■ **Description of the task**: Each line below must be reproduced exactly, though the pictures are to be dropped.

■ **Given information**:
§ §

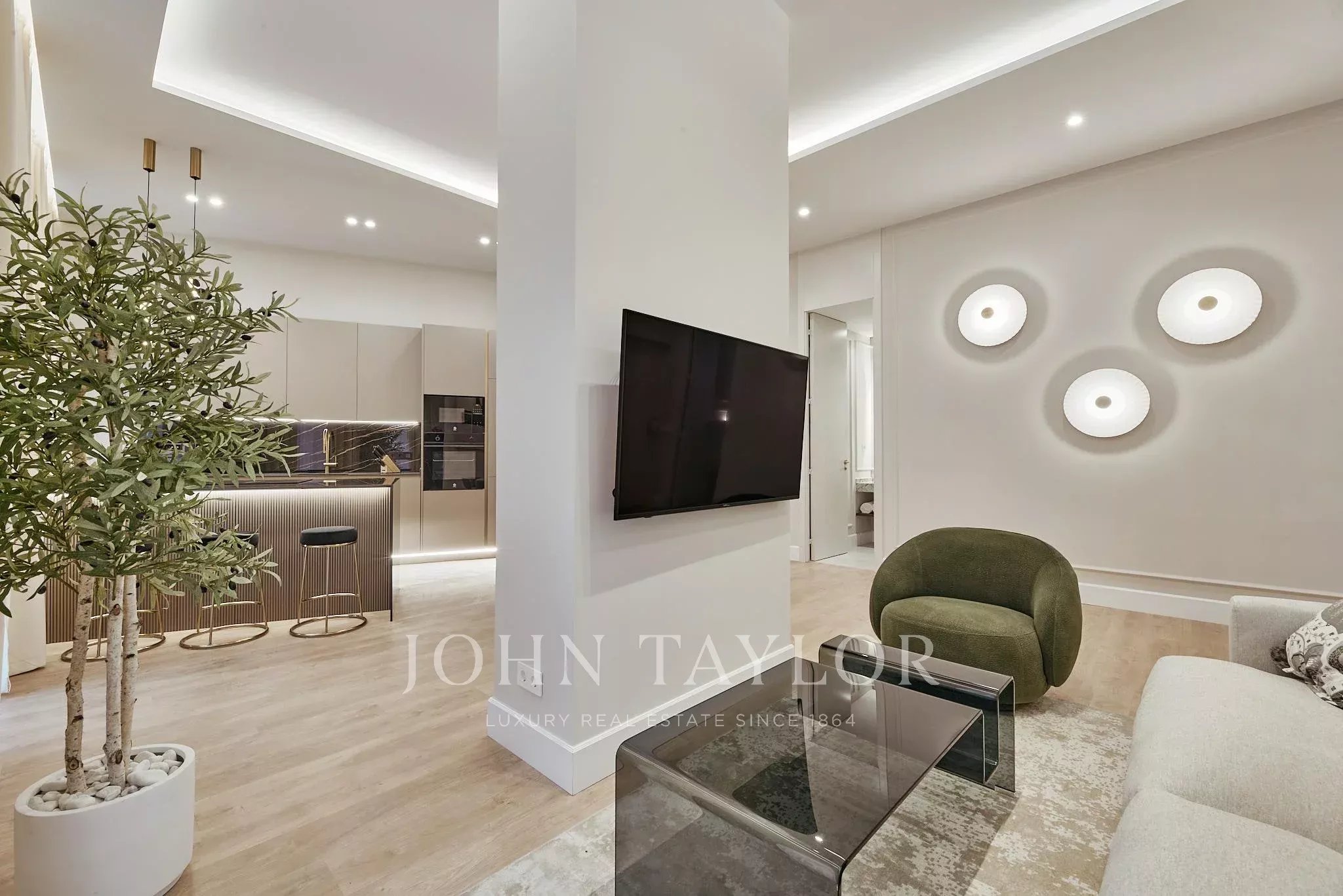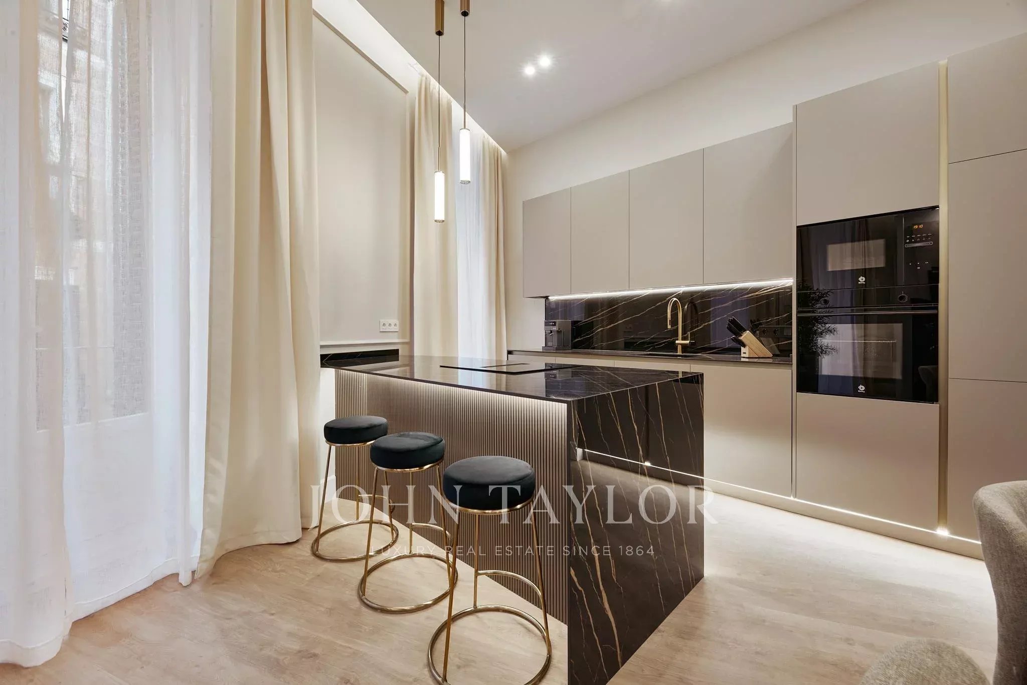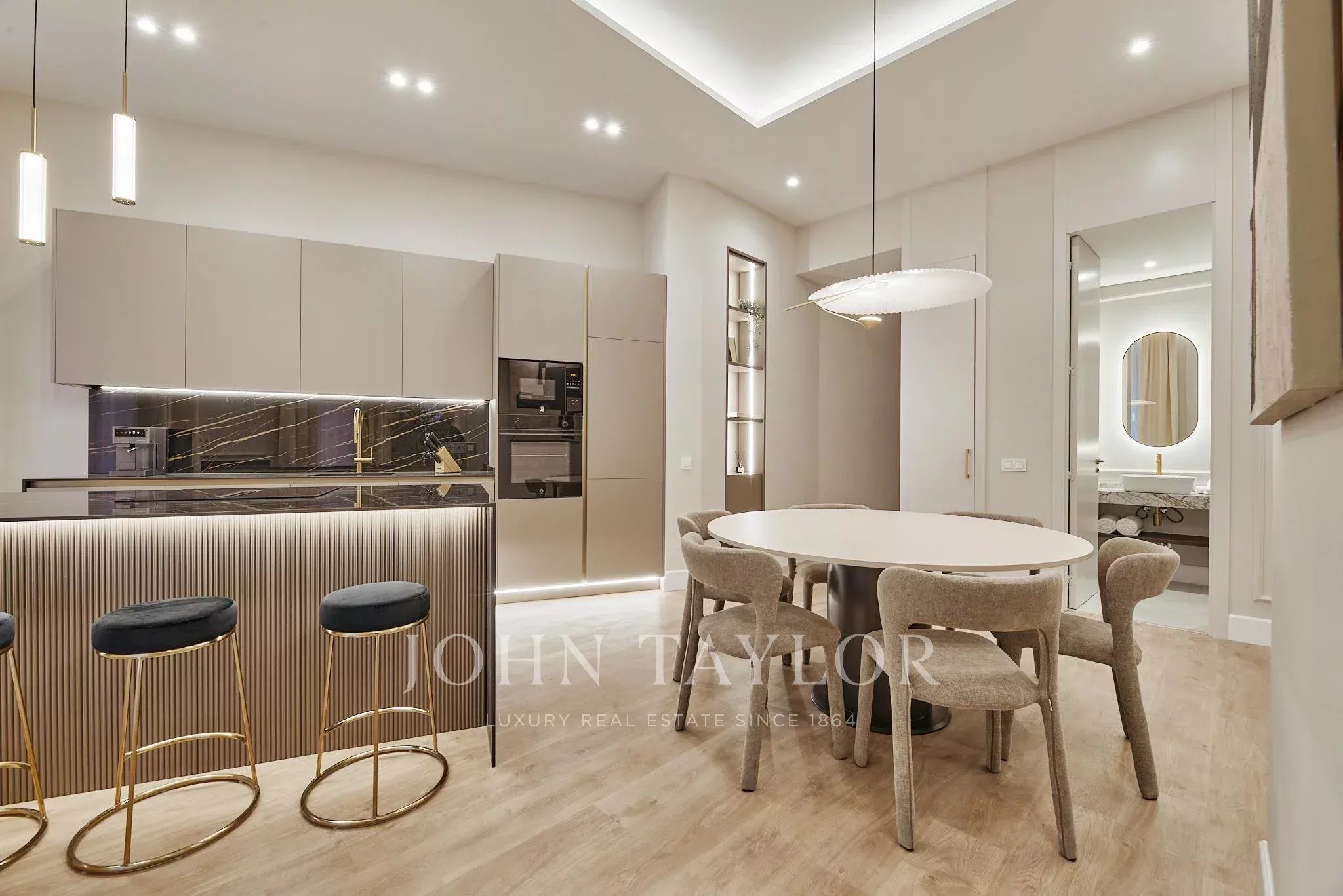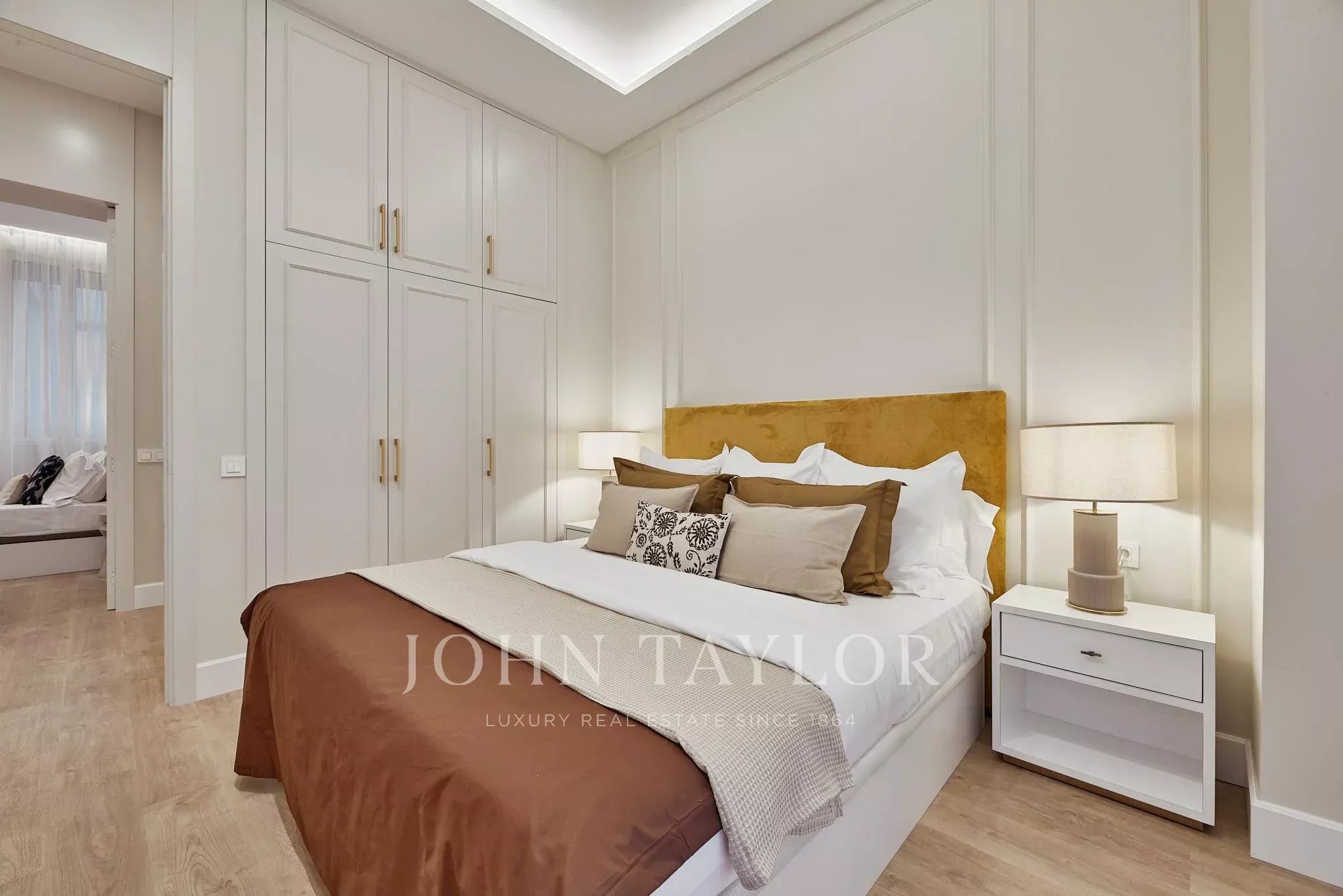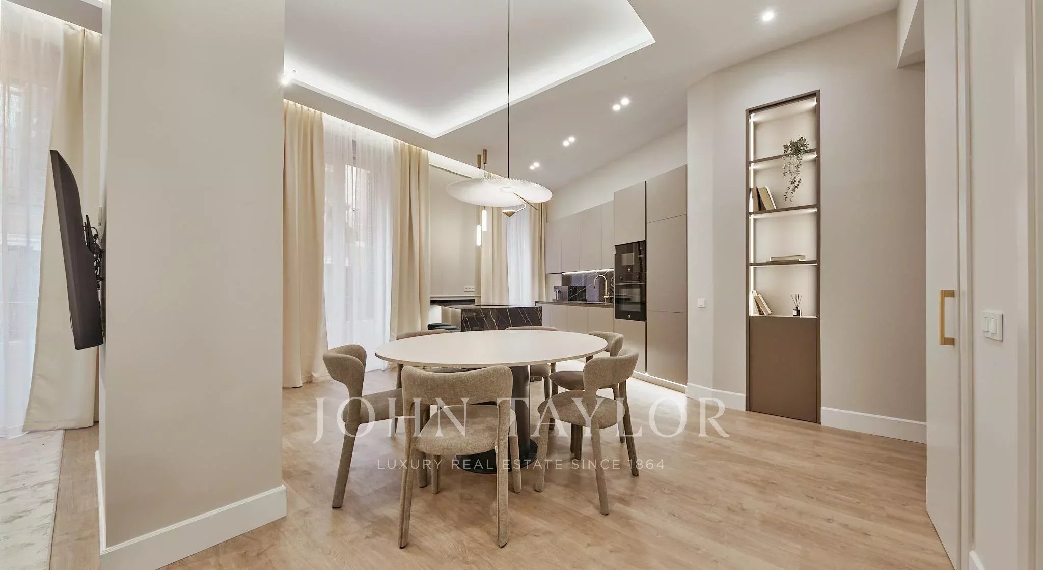 Exteriérové bydlení 146 m² nacházející se v dynamické čtvrti Univerzita, v samotném centru Madridu. Nachází se v prestižní klasické budově z roku 1900 s výtahem, nemovitost kombinuje půvaby původní architektury s pečlivou celkovou rekonstrukcí ve současném stylu.
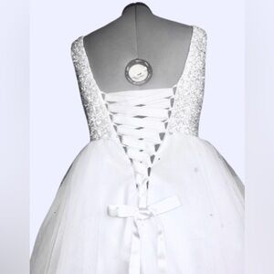 This is a brand new, pure white wedding gown(it was hard to get accurate photos of the dress)…without tags. There’s a label inside, but I can’t tell for sure if it’s a size tag. It does have the number 8 on the tag, and by looking at the dress on the form, it does look like it’s around a size 8. There is a fabric inset that lies under the lacing that goes up the back, but my mannequin was too large to make use of it. So, I just flipped it under and to the side of the laced section. The measurements are quite accurate when worn as the dress is depicted on the mannequin … with the fabric inset flipped under, and to the side of, the lacing. The bodice is all embellished with beads/sequins, but I couldn’t get them to show accurately, so I took artistic license to try to accentuate them! I also did the same to the skirt’s rhinestones because they didn’t show up in the photos. I hope all this helps.
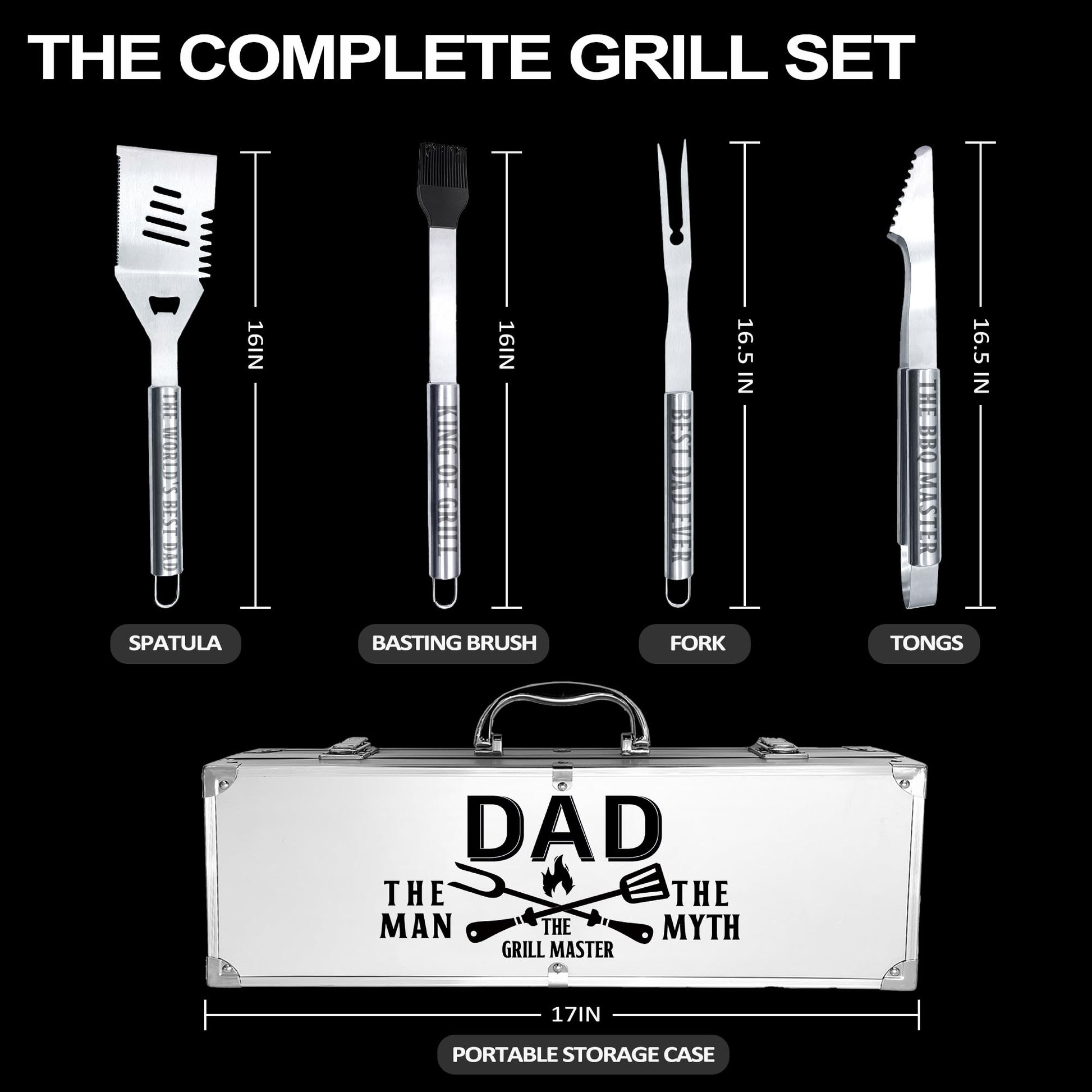 Dad Gifts, Fathers Day Dad Gifts from Daughter Son Heavy Duty Grilling Accessories Kit for Backyard BBQ, Dad Birthday Gift Thick Stainless Steel Grill Utensils with Non-Slip Handle Tool Grill Present

§ §

■ **Finished exercise**:
 Exteriérové bydlení 146 m² nacházející se v dynamické čtvrti Univerzita, v samotném centru Madridu. Nachází se v prestižní klasické budově z roku 1900 s výtahem, nemovitost kombinuje půvaby původní architektury s pečlivou celkovou rekonstrukcí ve současném stylu.
 This is a brand new, pure white wedding gown(it was hard to get accurate photos of the dress)…without tags. There’s a label inside, but I can’t tell for sure if it’s a size tag. It does have the number 8 on the tag, and by looking at the dress on the form, it does look like it’s around a size 8. There is a fabric inset that lies under the lacing that goes up the back, but my mannequin was too large to make use of it. So, I just flipped it under and to the side of the laced section. The measurements are quite accurate when worn as the dress is depicted on the mannequin … with the fabric inset flipped under, and to the side of, the lacing. The bodice is all embellished with beads/sequins, but I couldn’t get them to show accurately, so I took artistic license to try to accentuate them! I also did the same to the skirt’s rhinestones because they didn’t show up in the photos. I hope all this helps.
 Dad Gifts, Fathers Day Dad Gifts from Daughter Son Heavy Duty Grilling Accessories Kit for Backyard BBQ, Dad Birthday Gift Thick Stainless Steel Grill Utensils with Non-Slip Handle Tool Grill Present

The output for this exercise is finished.